Fuente: Méndez, J.M. (1977). Disparatario.(2a. Ed.). San Salvador:Dirección de Publicaciones.
José María Méndez nació en Santa Ana, el 23 de septiembre de 1916. Estudió Derecho en la Facultad de El Salvador. En el concurso de monografías para estudiantes, en 1939, obtuvo el primer premio con la obra "El Cuerpo del Delito". Se doctoró en 1941. Su tesis "La confesión en materia penal" mereció medalla de oro. A raíz del movimiento revolucionario de 1948 publico un folleto titulado "Nuestro Régimen Jurídico Constitucional”. Ha sido profesor de Introducción al Estudio del Derecho en la Facultad de Jurisprudencia y Ciencias Sociales, y profesor de Código de Instrucción Criminal y de Derecho Político. Fue Director del Diario "Patria Nueva", durante los años 1954-1955. DISPARATARIO fue su primer libro (1957). Aquí recoge gran parte de sus trabajos publicados en la prensa nacional. "Disparatario" es el libro de un humorista. Se reveló como tal en "Patria Nueva", en la columna "Fliteando". El humorismo del doctor Méndez es agudo y fino como saeta. En realidad, el libro debería llamarse Saetas. Las saetas que se disparan de las páginas de este libro casi siempre pegan en el blanco. "Disparatario" está escrito en un estilo ágil, picante, de períodos cortos, cualidades que cautivan al lector. También ha publicado con la Dirección de Publicaciones del Ministerio de Educación "Espejo del Tiempo". De próxima publicación por esta Editorial, es su libro de cuentos "Tiempo irredimible".

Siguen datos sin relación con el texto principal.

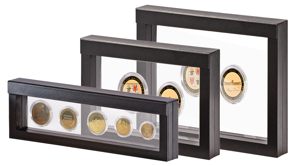 Die Münze schwebt im Rahmen, ist von beiden Seiten sichtbar, und der Rahmen lässt sich leicht öffnen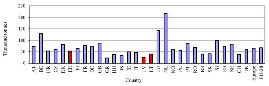 During further analysis, while taking into consideration the annual average mixture value () produced by the AMPs for the period 2005–2016, all European countries have been categorized into five categories (Table 1). The threshold values of the produced asphalt values for each of the categories were selected based on the results provided in Figure 3 and Figure 4. It must be noted that, in order to categorize the countries into different categories more precisely, the ranges of the threshold values in each of the categories are not equal. As the amount of the produced asphalt mixture increases, the range of the threshold values also increases. Correspondingly, as the amount of the produced asphalt mixture decreases, so does the range of the threshold values. Thus, a very large amount (from 30 to 50 million tonnes) of the asphalt mixture was produced in four countries, a large quantity (from 15 to 30 million tonnes) in three countries, an average quantity (from 5 to 15 million tonnes) in nine countries, a small quantity (from 2 to 5 million tonnes) in seven countries and a minimal quantity (from 0.25 to 2 million tonnes) in seven countries (Table 1).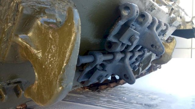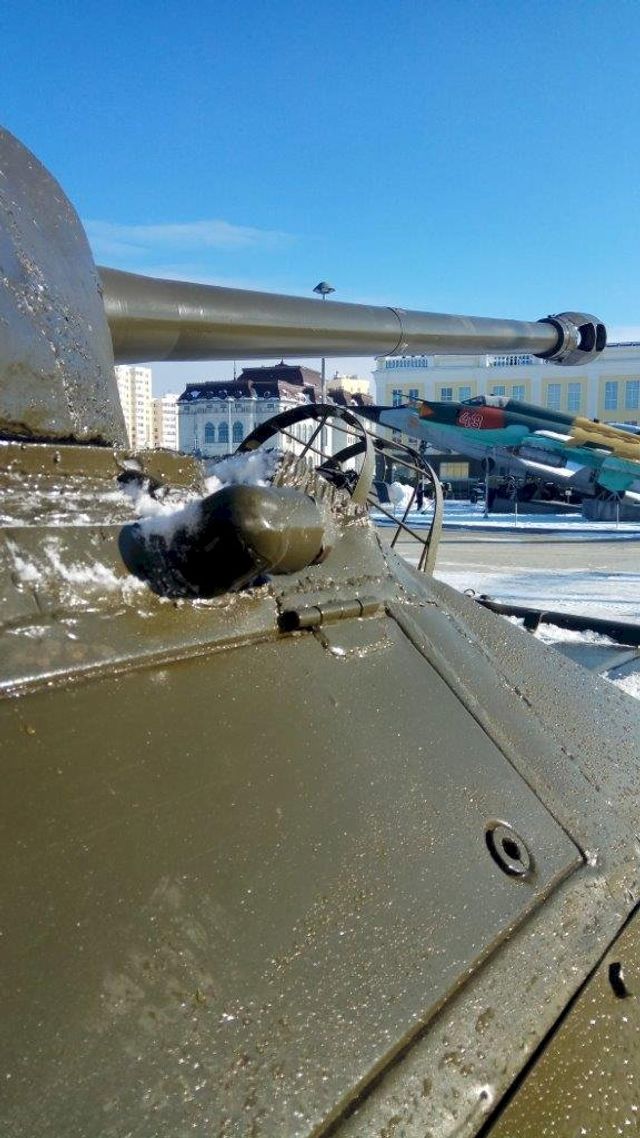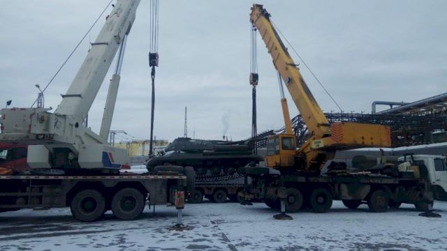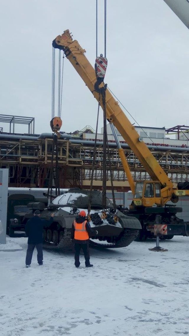 Его доставили на автомобильной платформе. Боевая машина может передвигаться своим ходом, но ее решили поберечь: возраст танка больше 70 лет, и эксплуатировать его без вреда для оригинальных узлов и механизмов можно только при постоянной плюсовой температуре, которая ожидается только в апреле. С трала танк спустили при помощи двух мощных кранов общей грузоподъемностью в 130 тонн.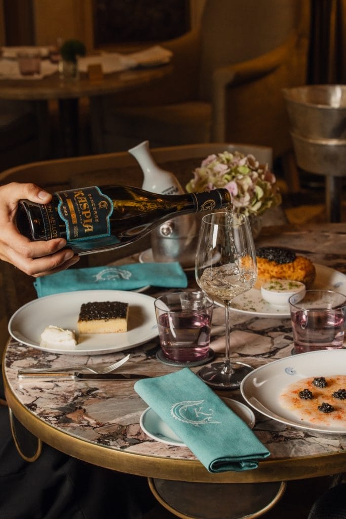 Le menu conçu pour l’occasion fait voyager les convives entre dégustations pures et accords audacieux : ceviche de daurade aux agrumes et poutargue, agnolotti au king crabe, sans oublier les incontournables emblématiques de la maison : pomme de terre au caviar, club sandwich au saumon, salade de crabe royal ou encore tarama.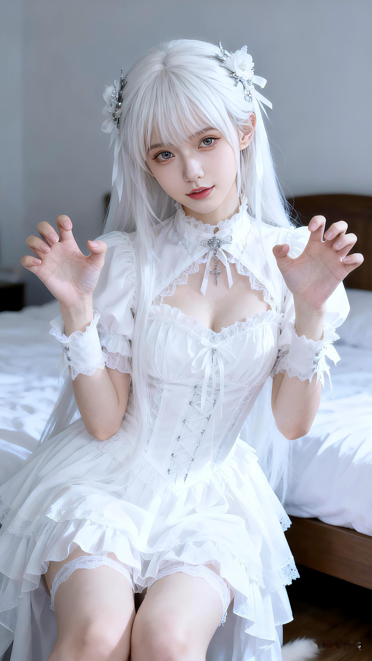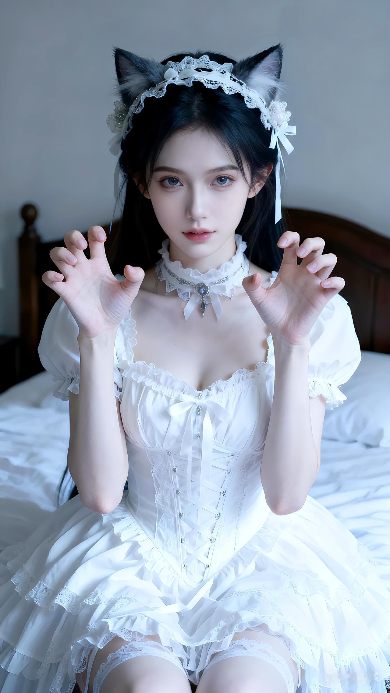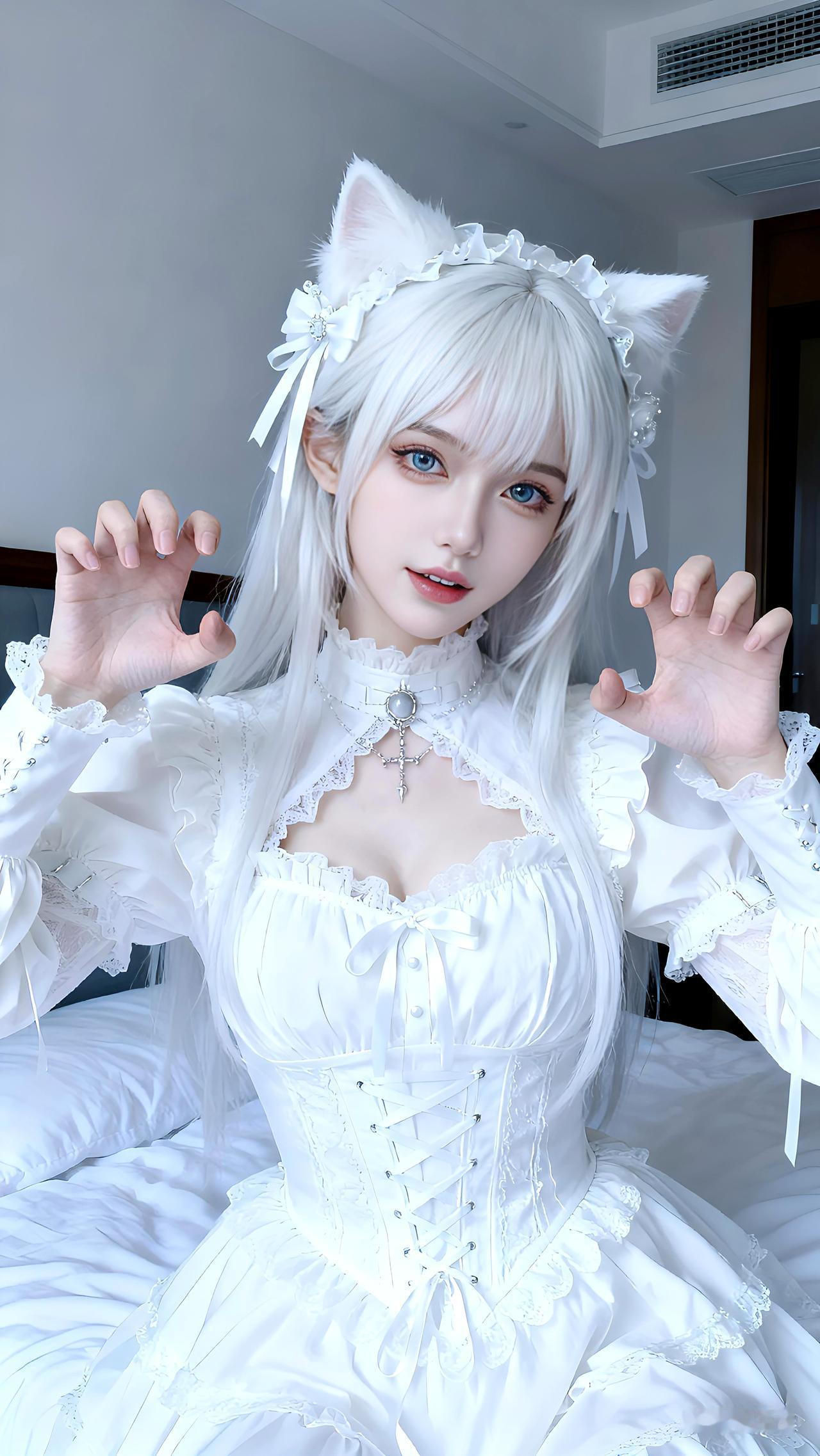 白喵突袭,你的心动值已满格~写真 壁纸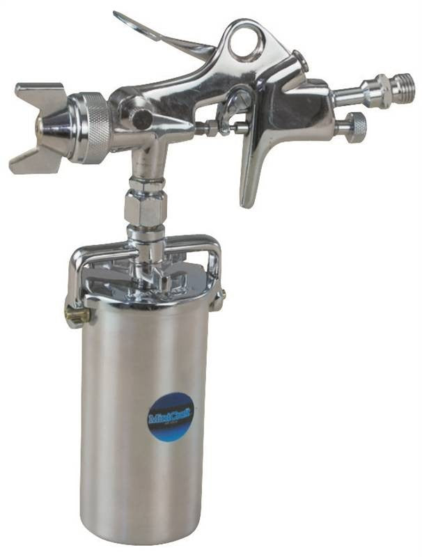 Standard nozzle: 0.063 inch/1.6 mm. Air pressure: 40-50 PSI. Air consumption at 40 PSI: 4.5 CFM. Canister: 6.8 fluid oz. (200CC). Air inlet: 1/4" NPT. Required air hose size: 3/8". Pattern control adjustment knob. Stainless steel components.

                          TRES EN UNA

-Tengo tres mujeres con casa puesta y no puedo ir a dormir donde ninguna de ellas porque las tres me pegan.
 Tres afirmaciones hacía el hombrecito que se acercaba a mi mesa botella en mano; que tenía tres mujeres, que a las tres les había puesto casa y que no podía ir a la de ninguna de ellas por miedo a una paliza.
A primera vista la afirmación inicial era inverosímil.
No tenía el buen señor estampa de mujeriego. Calvo, de corta estatura, entrado en carnes y en años, la mirada cayendo en bobalicona, daba la impresión de un hombre sin ímpetus viriles, miembro de un hogar común comandado por la esposa. La segunda aseveración presentaba también obstáculos de credibilidad. El traje
descolorido y con lamparones de grasa, las gastadas suelas de los zapatos, revelaban al hombre de estrecha fortuna, incapaz de sufragar los gastos que ocasionan tres mujeres. La tercera aserción sí que era creíble. La voz un tanto aflautada, el andar como en puntillas, el ademán lento e indeciso, revelaban de inmediato al hombre tímido, cobarde, capaz de derretirse interiormente por temor a que su mujer, manu militari, le cobrara cuentas.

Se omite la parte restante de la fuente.